## Directions for this task
From the material below, copy exactly the lines beginning with the one that contains "5067 - قال (عبد" and ending with the one that contains "The coffee stop"; the pictures stay out.

○ ○ ○ ○ ○

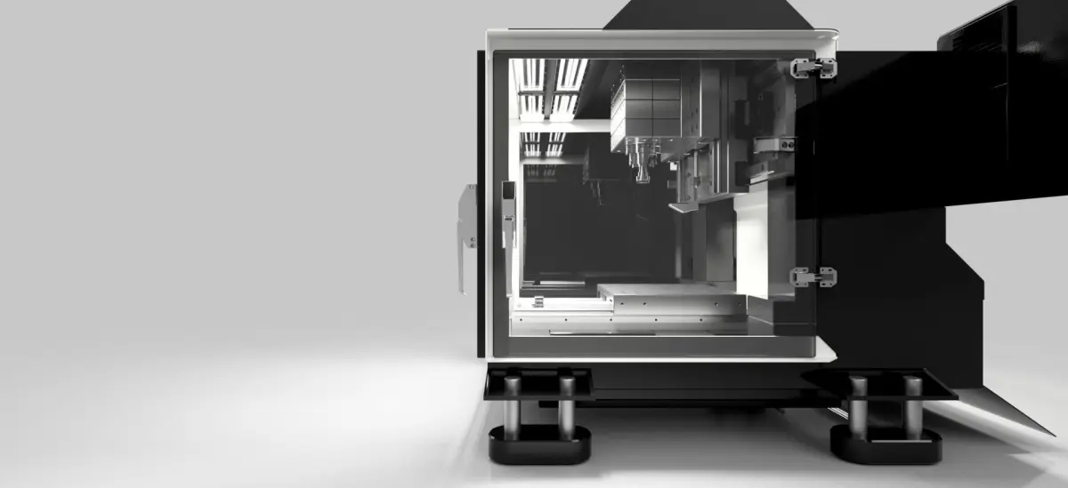 ALIUS is the most Rigid, Noise and Vibration Damping machine available in its size on the market, how we achieve this is by using Epoxy Granite filled Mild steel framing with adjustable leveling, active damping machine feet.
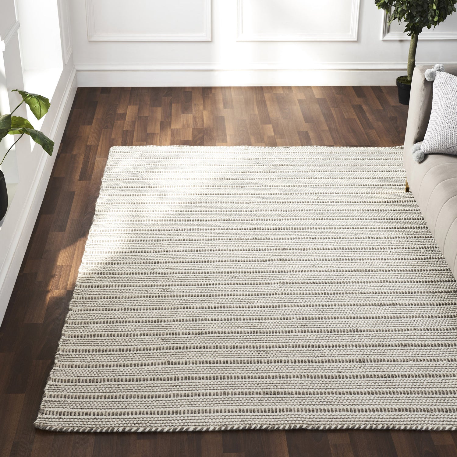 The power of a pattern takes the spotlight in this rug design. Subtle tones of ivory and stone come together to create a cohesive piece that elevates the appeal of the contemporary or classic interior. Hand-woven into six different sizes, the wool and cotton blend brings comfort in any dimension.
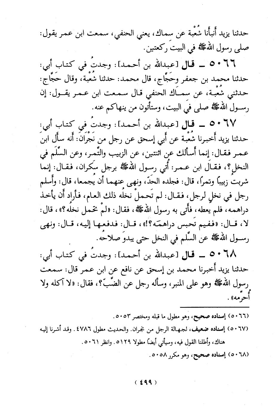 5067 - قال (عبد الله بن أحمد): وجدت فيِ كتاب أبي: حدثنا يزيد أَخبرنا شُعْبة عن أَبي إسحق عن رجل من نَجْرَان: أَنه سأَل ابنَ عمر فقال: إنما أسألك عين اثنتين، عن الزبيب والتَّمر، وعن السَّلَم في
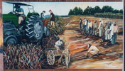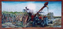 The coffee stop on Day 1 was at Sarina and revealed five fine murals painted around a central services facility in town, depicting the life of a sugar planter, which is the area's major industry. They appear below. All except the first are signed by Jenni Kirkwood alone; the first also has Donna Wright's signature as well.
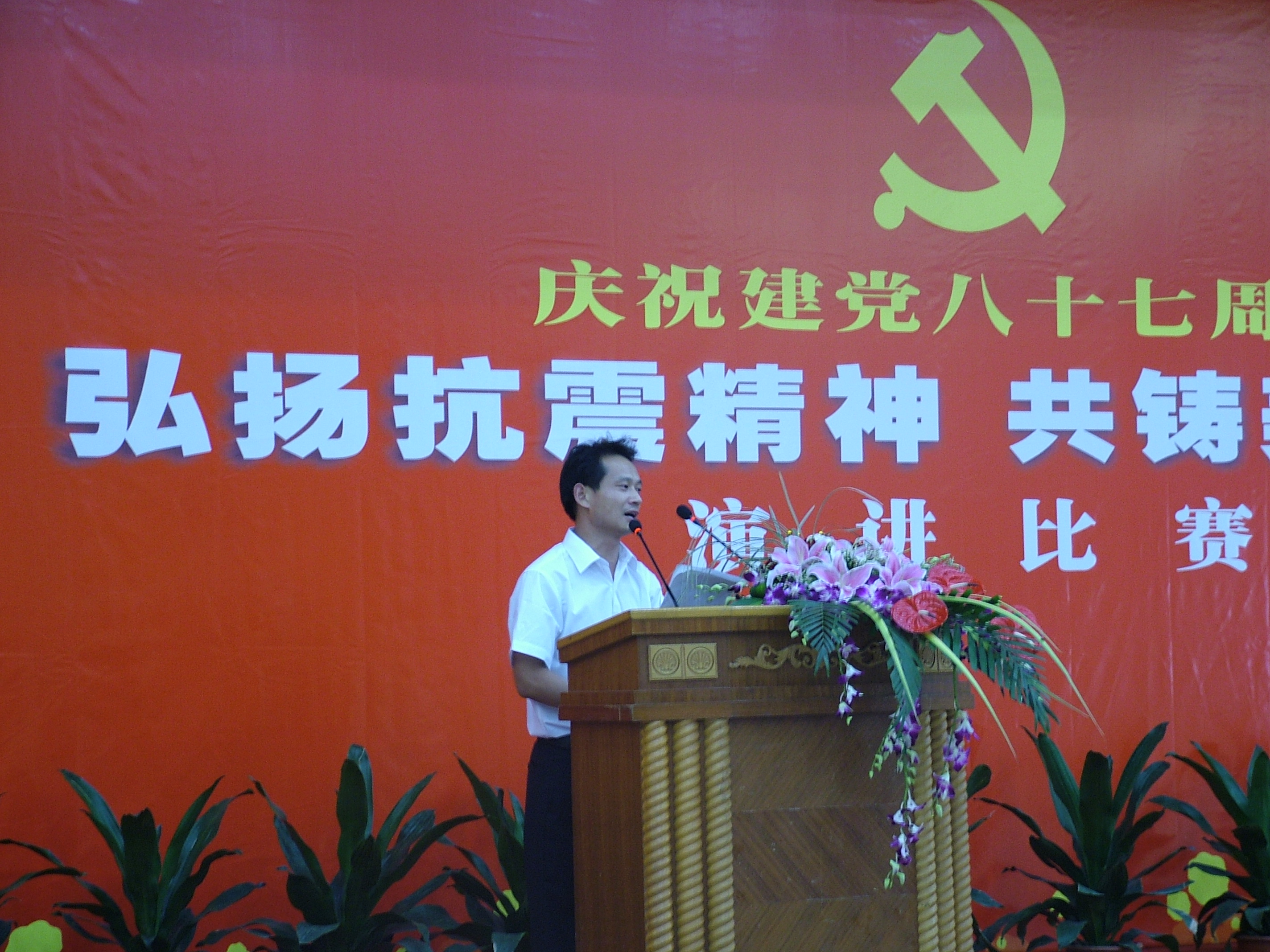 6月27日,为庆祝中国共产党建党八十七周年,一场由中共柳市镇党委、柳市镇人民政府主办的以“弘扬抗震精神,共建美n家园”为主题的演讲比赛,在柳市镇人民政府激烈展开,经过一番角逐,临时顶替同事上台的长江集团员工王超荣获三等奖。
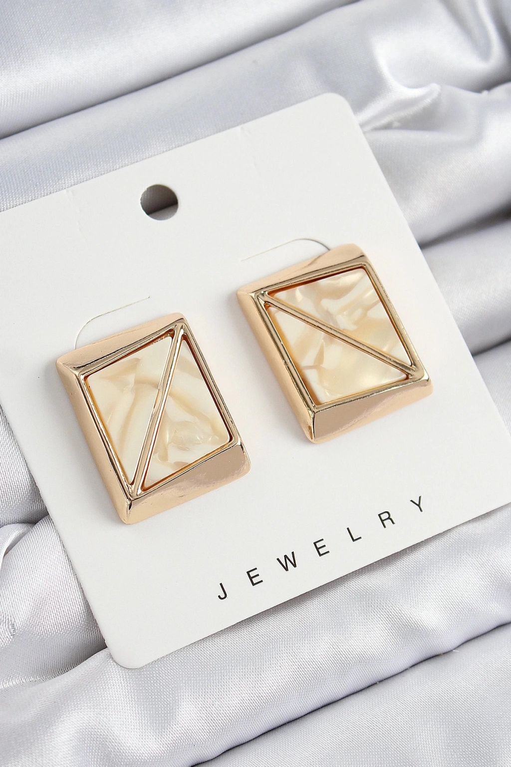 BFS Pirinç Krem Üçgen Kesim Detaylı Kare Model Vintage Gold Renk Kadın Küpe

○ ○ ○ ○ ○

## Result of this exercise
 5067 - قال (عبد الله بن أحمد): وجدت فيِ كتاب أبي: حدثنا يزيد أَخبرنا شُعْبة عن أَبي إسحق عن رجل من نَجْرَان: أَنه سأَل ابنَ عمر فقال: إنما أسألك عين اثنتين، عن الزبيب والتَّمر، وعن السَّلَم في
 The coffee stop on Day 1 was at Sarina and revealed five fine murals painted around a central services facility in town, depicting the life of a sugar planter, which is the area's major industry. They appear below. All except the first are signed by Jenni Kirkwood alone; the first also has Donna Wright's signature as well.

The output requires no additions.